--- Data section Enclosed Below ---

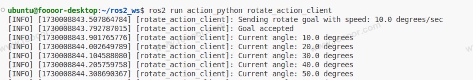 ros2 run action_cpp rotate_action_client可以看到,客户端调用成功,和 Python 实现一样。
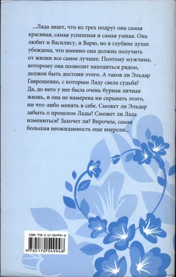 …Лада знает, что из трех подруг она самая красивая, самая успешная и самая умная. Она любит и Василису, и Варю, но в глубине души убеждена, что именно она должна получить от жизни все самое лучшее. Поэтому мужчина, которому она позволит находиться рядом, должен быть достоин этого. А таков ли Эльдар Гаврошенко, с которым Ладу свела судьба? Да, до него у нее была очень бурная личная жизнь, и она не намерена ни скрывать этого, ни что-либо менять в себе. Сможет ли Эльдар забыть о прошлом Лады? Сможет ли Лада измениться? Захочет ли? Впрочем, самая большая неожиданность еще впереди…
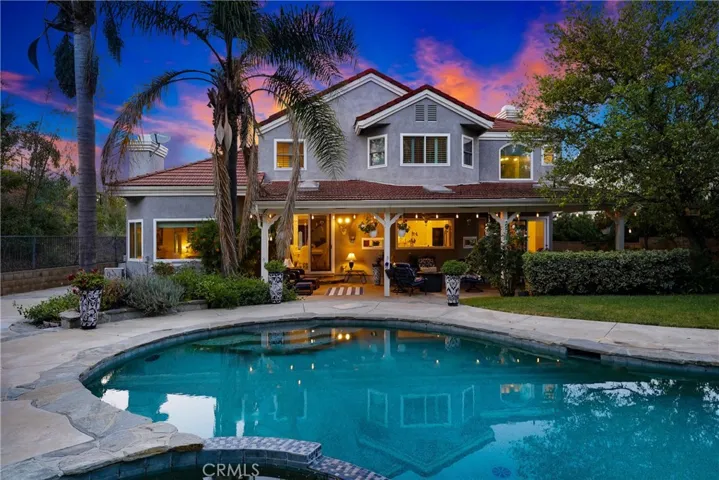 Nestled in the highly sought-after Buttercreek Estates community is a stunning residence that blends luxury, privacy, and functionality. This expansive 5-bedroom, 4.5-bathroom home spans approximately 3,603 square feet and sits on a generous 10,460 sq ft lot at the end of a quiet cul-de-sac, bordered by open space on three sides with only one direct neighbor—offering a rare sense of seclusion and serenity. From the moment you enter through the grand double doors, you’re welcomed into a dramatic foyer featuring soaring ceilings, a graceful spiral staircase, and elegant tile flooring. The main level boasts a formal living room with a cozy fireplace, a private ensuite downstairs bedroom, a formal dining room with French doors, and an expansive family room with custom built-ins, recessed lighting, and a second fireplace. The chef’s kitchen is a true centerpiece, featuring granite countertops, a center island with breakfast bar, stainless steel appliances, custom cabinetry, and picturesque views of the backyard oasis. Upstairs, the luxurious primary suite offers a private retreat with a separate sitting area and a spa-inspired bathroom complete with dual vanities, soaking tub, custom cabinetry, and a massive shower equipped with seven shower heads. Three additional bedrooms upstairs provide ample space for family or guests. Outside, the resort-style backyard is an entertainer’s dream, featuring a 600 sq ft covered patio with skylights, ceiling fan, built-in BBQ, outdoor entertainment system, and a sparkling Pebble Tech pool and spa, all surrounded by lush landscaping and tranquil hillside views. Additional highlights include a 3-car garage with built-in storage and custom quiet-close doors, dual-pane windows throughout, and thoughtful upgrades that add style and comfort. Ideally located in a peaceful, established neighborhood with access to top-rated schools, parks, and local amenities, this home is the perfect blend of upscale living and everyday convenience.
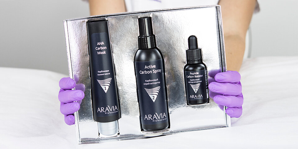 Сегодня расскажем вам, как и для чего делать клиентам карбоновый пилинг, какие средства потребуются для правильного выполнения процедуры. Карбоновый пилинг-комплекс ARAVIA Professional– это прекрасная альтернатива инъекционным процедурам. Результат будет заметен уже после первой процедуры. Максимальный эффект клиент увидит после полного курса – 10 процедур раз в неделю. Показания к применению Какой эффект ожидать после курса процедур Противопоказания Делаем карбоновый пилинг правильно Подготовка кожи Гель для умывания с активированным углем Detox Carbon Cleanser. Небольшое количество средства сэмульгируйте, нанесите на влажную кожу, вспеньте, а затем смойте водой. Шаг 1 Карбоновая пилинг-маска AHA CARBONIC MASK с фруктовыми кислотами, шунгитом и углем. С помощью кисти нанесите маску на подсушенную кожу. Оставьте на 7 минут. Не смывайте. Шаг 2 Карбоновый спрей-активатор ACTIVE CARBONIC SPRAY с аминокислотами и гидроксиэтил мочевиной. По окончании экспозиции маски распылите средство пове
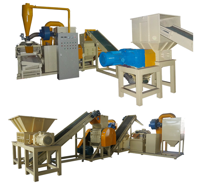 The material is put into the first-stage crusher through the feeding conveyor for primary pulverization, and the disordered waste cable is roughly cut into smaller sizes.The second belt conveyor is fed into the secondary crusher (pulverizer), and the material is crushed into a certain size in the second crusher (final discharge size).Mixed plastic skin chips and copper rice enter the airflow sorting system via high pressure blower or conveyor belt.Clean copper and plastic skin fragments are sent from different discharge ports by air flow and vibrating screen vibration. The equipment is equipped with a small vibrating screen to separate the material twice to achieve a purity of not less than 99%.
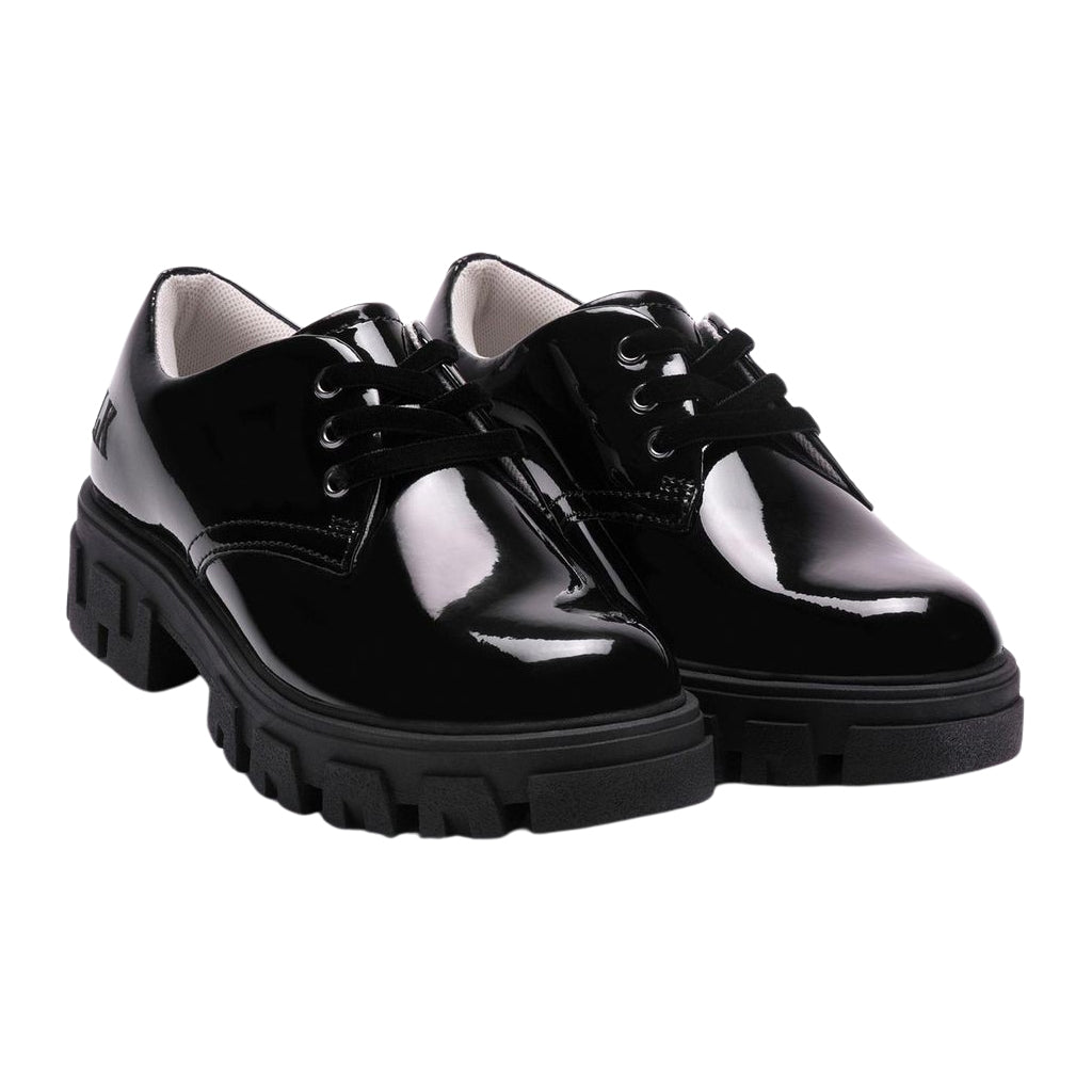 Lelli Kelly Maria Miss LK Shoe is a perfect if you are looking for a fuller school shoe. Maria comes in a black patent upper and has a lace up fastening. Shoes have a chunky durable sole unit. Padded leather lining provides that extra comfort you'd expect from a Lelli Kelly shoe. LK is embroidered in black onto the outside heel counter of the shoes
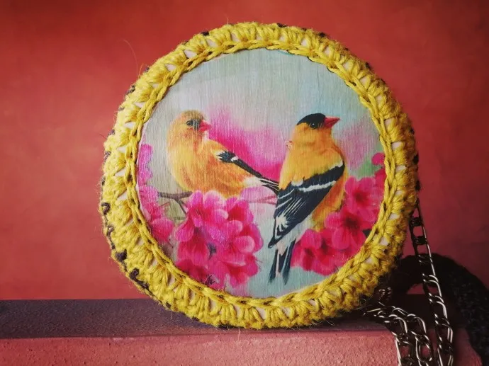 Летняя жара благотворно влияет на моё творчество. Перебирала запасы материалов и нашла пару моточков джута, деревянные заготовки и салфетки с пичугами. В итоге родилась идея новой круглой сумочки, в которой сочетаются вязание крючком и декупаж.
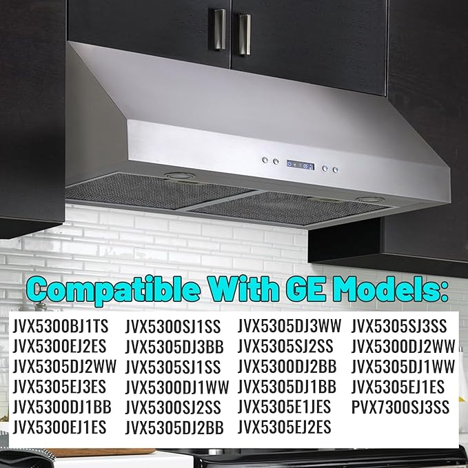 - Perfect Fit for GE Range Hoods: This Range Vent Hood Grease Filter Replacement engineered for compatibility with GE models like JVX5300BJ1TS,JVX5300EJ2ES,JVX5305DJ2WW,JVX5305EJ3ES, JVX5300DJ1BB,JVX5300SJ1SS,JVX5305DJ3BB, JVX5305SJ1SS, JVX5300DJ1WW,JVX5300SJ2SS,JVX5305DJ3WW,JVX5305SJ2SS, JVX5300DJ2BB,JVX5305DJ1BB, JVX5305E1JES,JVX5305SJ3SS, JVX5300DJ2WW, JVX5305DJ1WW, JVX5305EJ1ES, PVX7300SJ3SS, JVX5300EJ1ES, JVX5305DJ2BB, JVX5305EJ2ES, ensures a snug fit with precise dimensions (13.75"L x 13.75"W x 0.35"Th). No modifications needed—just install and enjoy improved ventilation right away.
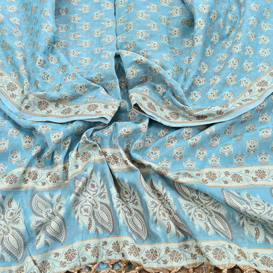 Indian Vintage Blue Dupatta Long Stole Woven Cotton Scarves Veil Soft Floral Design Wrap Boho Upcycle For Designing
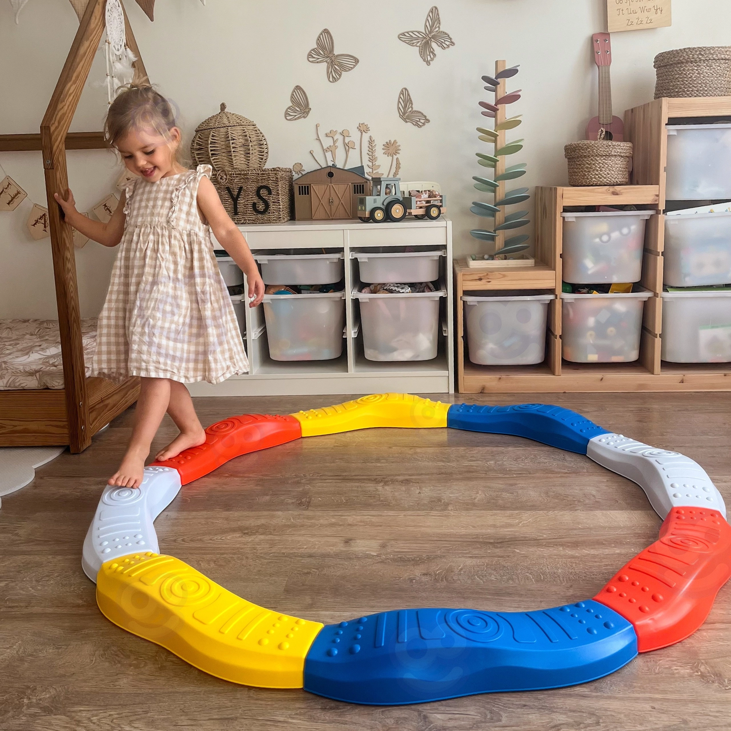Ustvarite krog s premerom približno 130 cm, vijugasto »kačasto« pot ali manjše kroge. Steza je primerna za otroško sobo, igralnico in tudi vrt – potrebna je le ravna podlaga. Odlično za grobo motoriko, propriocepcijo in zabaven trening ravnotežja bosi ali v nogavicah.
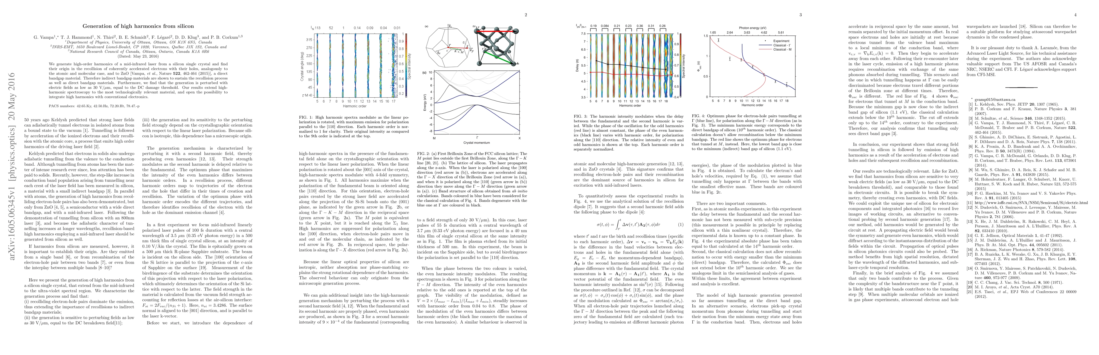 This research demonstrates the generation of high-order harmonics from a silicon single crystal, showing that indirect bandgap materials can sustain the recollision process, similar to direct bandgap materials. The study also reveals that the process is disrupted by weak electric fields, suggesting potential integration of high harmonics with conventional electronics, thus extending high-harmonic spectroscopy to the most technologically relevant material.
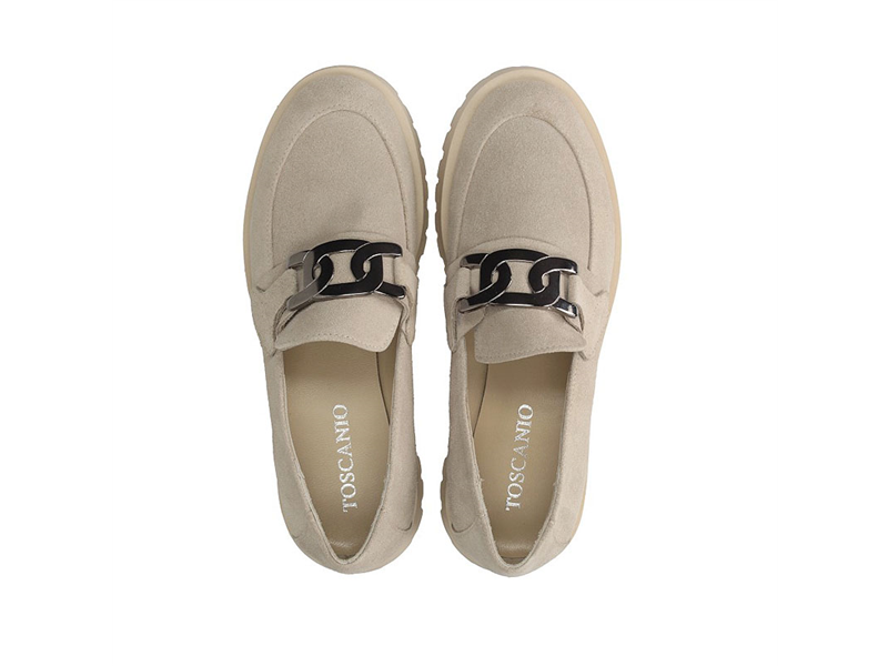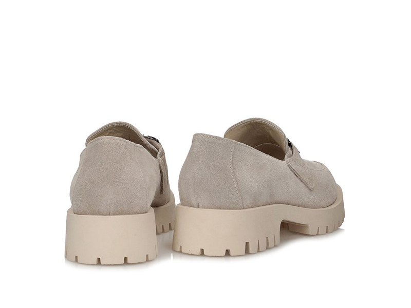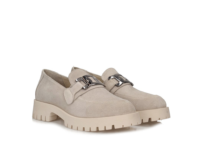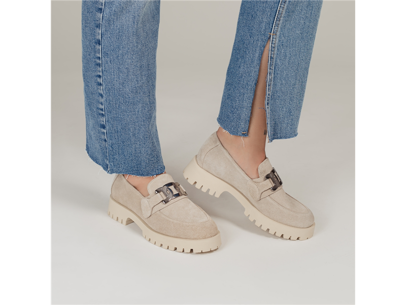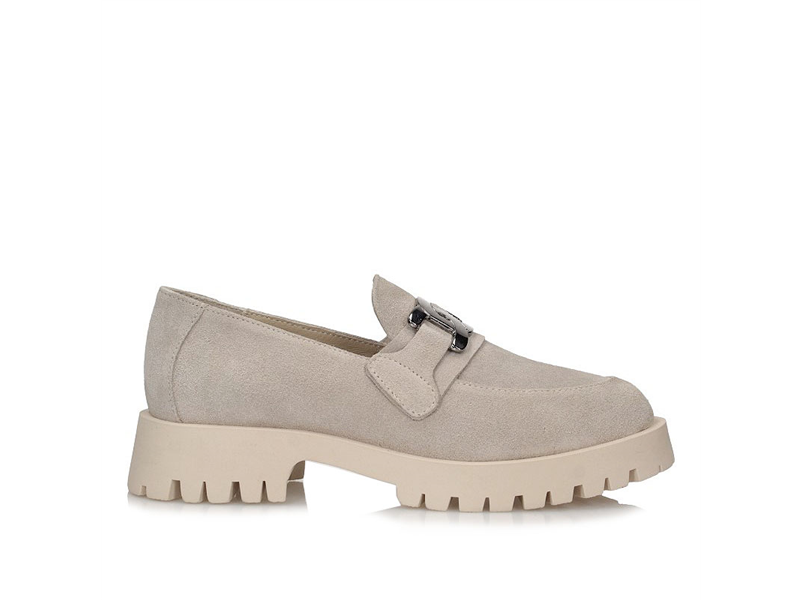 Mokasyny damskie z kategorii komfort, miękki welur naturalny , lekka wydodna podeszwa, migdałkowy nosek. W kontraście do klasycznej formy cholewki zastosowana modernistyczną podeszwę, na podbiciu srebrna ozdoba.

--- End of Enclosed Data section ---

■ Requirement: Copy each line of the listing exactly, skipping any picture.

■ Reply:
 ros2 run action_cpp rotate_action_client可以看到,客户端调用成功,和 Python 实现一样。
 …Лада знает, что из трех подруг она самая красивая, самая успешная и самая умная. Она любит и Василису, и Варю, но в глубине души убеждена, что именно она должна получить от жизни все самое лучшее. Поэтому мужчина, которому она позволит находиться рядом, должен быть достоин этого. А таков ли Эльдар Гаврошенко, с которым Ладу свела судьба? Да, до него у нее была очень бурная личная жизнь, и она не намерена ни скрывать этого, ни что-либо менять в себе. Сможет ли Эльдар забыть о прошлом Лады? Сможет ли Лада измениться? Захочет ли? Впрочем, самая большая неожиданность еще впереди…
 Nestled in the highly sought-after Buttercreek Estates community is a stunning residence that blends luxury, privacy, and functionality. This expansive 5-bedroom, 4.5-bathroom home spans approximately 3,603 square feet and sits on a generous 10,460 sq ft lot at the end of a quiet cul-de-sac, bordered by open space on three sides with only one direct neighbor—offering a rare sense of seclusion and serenity. From the moment you enter through the grand double doors, you’re welcomed into a dramatic foyer featuring soaring ceilings, a graceful spiral staircase, and elegant tile flooring. The main level boasts a formal living room with a cozy fireplace, a private ensuite downstairs bedroom, a formal dining room with French doors, and an expansive family room with custom built-ins, recessed lighting, and a second fireplace. The chef’s kitchen is a true centerpiece, featuring granite countertops, a center island with breakfast bar, stainless steel appliances, custom cabinetry, and picturesque views of the backyard oasis. Upstairs, the luxurious primary suite offers a private retreat with a separate sitting area and a spa-inspired bathroom complete with dual vanities, soaking tub, custom cabinetry, and a massive shower equipped with seven shower heads. Three additional bedrooms upstairs provide ample space for family or guests. Outside, the resort-style backyard is an entertainer’s dream, featuring a 600 sq ft covered patio with skylights, ceiling fan, built-in BBQ, outdoor entertainment system, and a sparkling Pebble Tech pool and spa, all surrounded by lush landscaping and tranquil hillside views. Additional highlights include a 3-car garage with built-in storage and custom quiet-close doors, dual-pane windows throughout, and thoughtful upgrades that add style and comfort. Ideally located in a peaceful, established neighborhood with access to top-rated schools, parks, and local amenities, this home is the perfect blend of upscale living and everyday convenience.
 Сегодня расскажем вам, как и для чего делать клиентам карбоновый пилинг, какие средства потребуются для правильного выполнения процедуры. Карбоновый пилинг-комплекс ARAVIA Professional– это прекрасная альтернатива инъекционным процедурам. Результат будет заметен уже после первой процедуры. Максимальный эффект клиент увидит после полного курса – 10 процедур раз в неделю. Показания к применению Какой эффект ожидать после курса процедур Противопоказания Делаем карбоновый пилинг правильно Подготовка кожи Гель для умывания с активированным углем Detox Carbon Cleanser. Небольшое количество средства сэмульгируйте, нанесите на влажную кожу, вспеньте, а затем смойте водой. Шаг 1 Карбоновая пилинг-маска AHA CARBONIC MASK с фруктовыми кислотами, шунгитом и углем. С помощью кисти нанесите маску на подсушенную кожу. Оставьте на 7 минут. Не смывайте. Шаг 2 Карбоновый спрей-активатор ACTIVE CARBONIC SPRAY с аминокислотами и гидроксиэтил мочевиной. По окончании экспозиции маски распылите средство пове
 The material is put into the first-stage crusher through the feeding conveyor for primary pulverization, and the disordered waste cable is roughly cut into smaller sizes.The second belt conveyor is fed into the secondary crusher (pulverizer), and the material is crushed into a certain size in the second crusher (final discharge size).Mixed plastic skin chips and copper rice enter the airflow sorting system via high pressure blower or conveyor belt.Clean copper and plastic skin fragments are sent from different discharge ports by air flow and vibrating screen vibration. The equipment is equipped with a small vibrating screen to separate the material twice to achieve a purity of not less than 99%.
 Lelli Kelly Maria Miss LK Shoe is a perfect if you are looking for a fuller school shoe. Maria comes in a black patent upper and has a lace up fastening. Shoes have a chunky durable sole unit. Padded leather lining provides that extra comfort you'd expect from a Lelli Kelly shoe. LK is embroidered in black onto the outside heel counter of the shoes
 Летняя жара благотворно влияет на моё творчество. Перебирала запасы материалов и нашла пару моточков джута, деревянные заготовки и салфетки с пичугами. В итоге родилась идея новой круглой сумочки, в которой сочетаются вязание крючком и декупаж.
 - Perfect Fit for GE Range Hoods: This Range Vent Hood Grease Filter Replacement engineered for compatibility with GE models like JVX5300BJ1TS,JVX5300EJ2ES,JVX5305DJ2WW,JVX5305EJ3ES, JVX5300DJ1BB,JVX5300SJ1SS,JVX5305DJ3BB, JVX5305SJ1SS, JVX5300DJ1WW,JVX5300SJ2SS,JVX5305DJ3WW,JVX5305SJ2SS, JVX5300DJ2BB,JVX5305DJ1BB, JVX5305E1JES,JVX5305SJ3SS, JVX5300DJ2WW, JVX5305DJ1WW, JVX5305EJ1ES, PVX7300SJ3SS, JVX5300EJ1ES, JVX5305DJ2BB, JVX5305EJ2ES, ensures a snug fit with precise dimensions (13.75"L x 13.75"W x 0.35"Th). No modifications needed—just install and enjoy improved ventilation right away.
 Indian Vintage Blue Dupatta Long Stole Woven Cotton Scarves Veil Soft Floral Design Wrap Boho Upcycle For Designing
Ustvarite krog s premerom približno 130 cm, vijugasto »kačasto« pot ali manjše kroge. Steza je primerna za otroško sobo, igralnico in tudi vrt – potrebna je le ravna podlaga. Odlično za grobo motoriko, propriocepcijo in zabaven trening ravnotežja bosi ali v nogavicah.
 This research demonstrates the generation of high-order harmonics from a silicon single crystal, showing that indirect bandgap materials can sustain the recollision process, similar to direct bandgap materials. The study also reveals that the process is disrupted by weak electric fields, suggesting potential integration of high harmonics with conventional electronics, thus extending high-harmonic spectroscopy to the most technologically relevant material.
 Mokasyny damskie z kategorii komfort, miękki welur naturalny , lekka wydodna podeszwa, migdałkowy nosek. W kontraście do klasycznej formy cholewki zastosowana modernistyczną podeszwę, na podbiciu srebrna ozdoba.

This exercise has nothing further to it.